═══ Records provided ═══

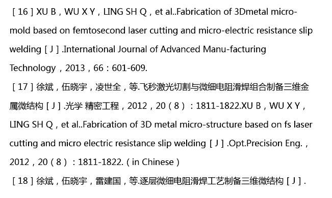 【摘要】:研究了三維微型腔模具的制備方法。該方法基于微型雙工位分層實體制造工藝(DLOM),通過多層銅箔二維微結構疊加擬合出三維隊列微電極,將制備的微電極用于微細電火花加工來制得三維微型腔模具。首先,利用線切割對100μm厚的多層銅箔進行逐層切割,獲得多層二維微結構。然后,通過真空壓力熱擴散焊對多層銅箔二維微結構進行連接,疊加擬合出三維隊列微電極。最后,在電壓80V,脈沖頻率0.2MHZ,脈沖寬度800ns,休止脈寬4 200ns的作用下,將上述工藝制備的三維隊列微電極用于微細電火花加工,獲得表面質量良好、形狀與尺寸精度較高的三維微型腔模具。為了有效減少電極損耗對加工精度的不利影響,使用隊列電極中的微電極依序對三維微型腔進行了加工。基于上述研究結果,制備了兩種形狀的三維隊列微電極并通過微細電火花加工獲得了表面粗糙度Ra為0.48μm的三維微型腔模具。與目前主流的微細電極逐層掃描放電加工三維微結構的工作方式相比,提出的三維微電極只需進行上下往返式加工便可獲得三維微型腔模具,工作效率高且損耗低。
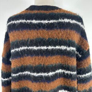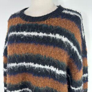 All Saints Oversize Fit XL Wool Alpaca Blend Stripe Crew -Neck Long Sleeve Sweater
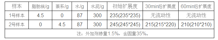 从表1可以明显看出,等量的脂肪族和萘系对“海螺牌”水泥的打开都无问题,初始差距不大。而经时损失方面,1号样本损失较快;2号样本效果非常理想,由此可以判断2号样本即萘系对“海螺”水泥的适应性较好。
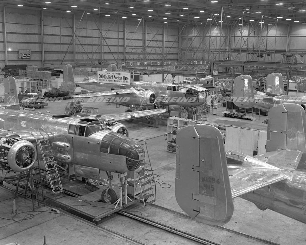 Named after General “Billy” Mitchell, America’s foremost supporter of air power, the B-25 Mitchell first flew on Aug. 19, 1940, and was the first multiengine design to go beyond the prototype stage. North American Aviation built more than 11,000 B-25s for the U.S. Army Air Forces and the U.S. Navy, which called it the PBJ, plus 50 each for China and Great Britain. The B-25 bomber had a wingspan of 67 feet and was 52 feet 11 inches long. One version, the B-25H, was the most heavily armed attack bomber of its time, with a 75-millimeter gun, up to 14 .50 caliber machine guns and 5,000 pounds of bombs carried in an internal bomb bay.
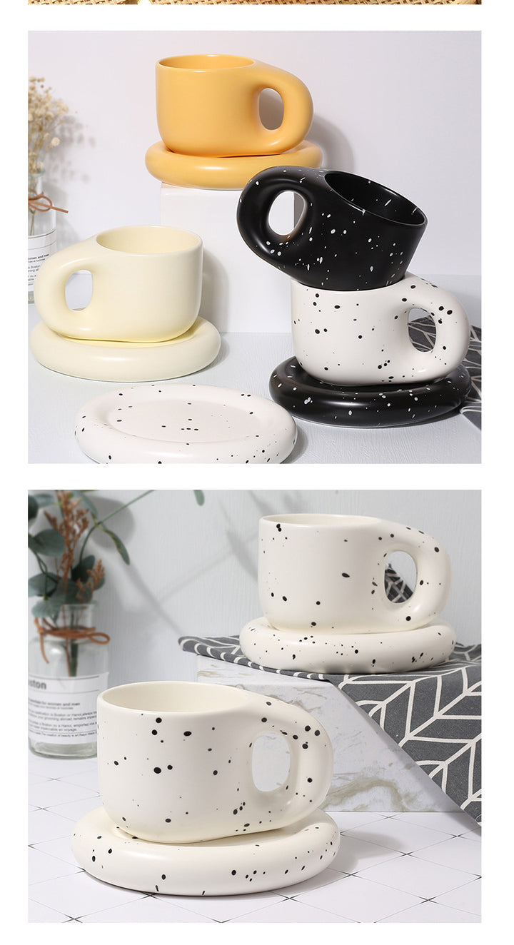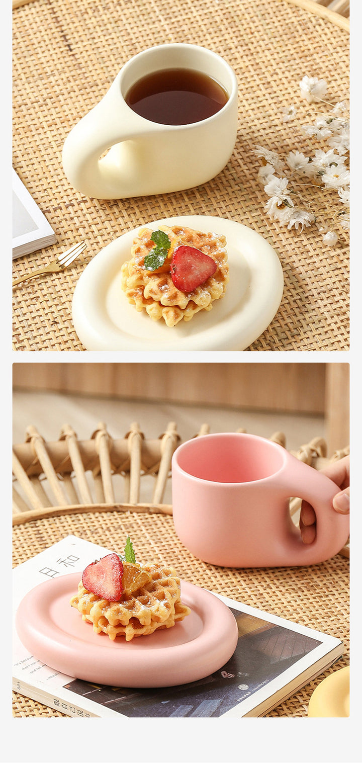 Incluye un plato a juego, ideal para acompañar con galletas o apoyar la taza cómodamente. Perfecta para quienes valoran el diseño nórdico, la simplicidad y el encanto de lo hecho a mano.

═══

* Brief
Your copy should hold only the lines from the line with "从表1可以明显看出,等量的脂" through the end of the data above, both ends included, transcribed exactly and without pictures.

* The completed task
 从表1可以明显看出,等量的脂肪族和萘系对“海螺牌”水泥的打开都无问题,初始差距不大。而经时损失方面,1号样本损失较快;2号样本效果非常理想,由此可以判断2号样本即萘系对“海螺”水泥的适应性较好。
 Named after General “Billy” Mitchell, America’s foremost supporter of air power, the B-25 Mitchell first flew on Aug. 19, 1940, and was the first multiengine design to go beyond the prototype stage. North American Aviation built more than 11,000 B-25s for the U.S. Army Air Forces and the U.S. Navy, which called it the PBJ, plus 50 each for China and Great Britain. The B-25 bomber had a wingspan of 67 feet and was 52 feet 11 inches long. One version, the B-25H, was the most heavily armed attack bomber of its time, with a 75-millimeter gun, up to 14 .50 caliber machine guns and 5,000 pounds of bombs carried in an internal bomb bay.
 Incluye un plato a juego, ideal para acompañar con galletas o apoyar la taza cómodamente. Perfecta para quienes valoran el diseño nórdico, la simplicidad y el encanto de lo hecho a mano.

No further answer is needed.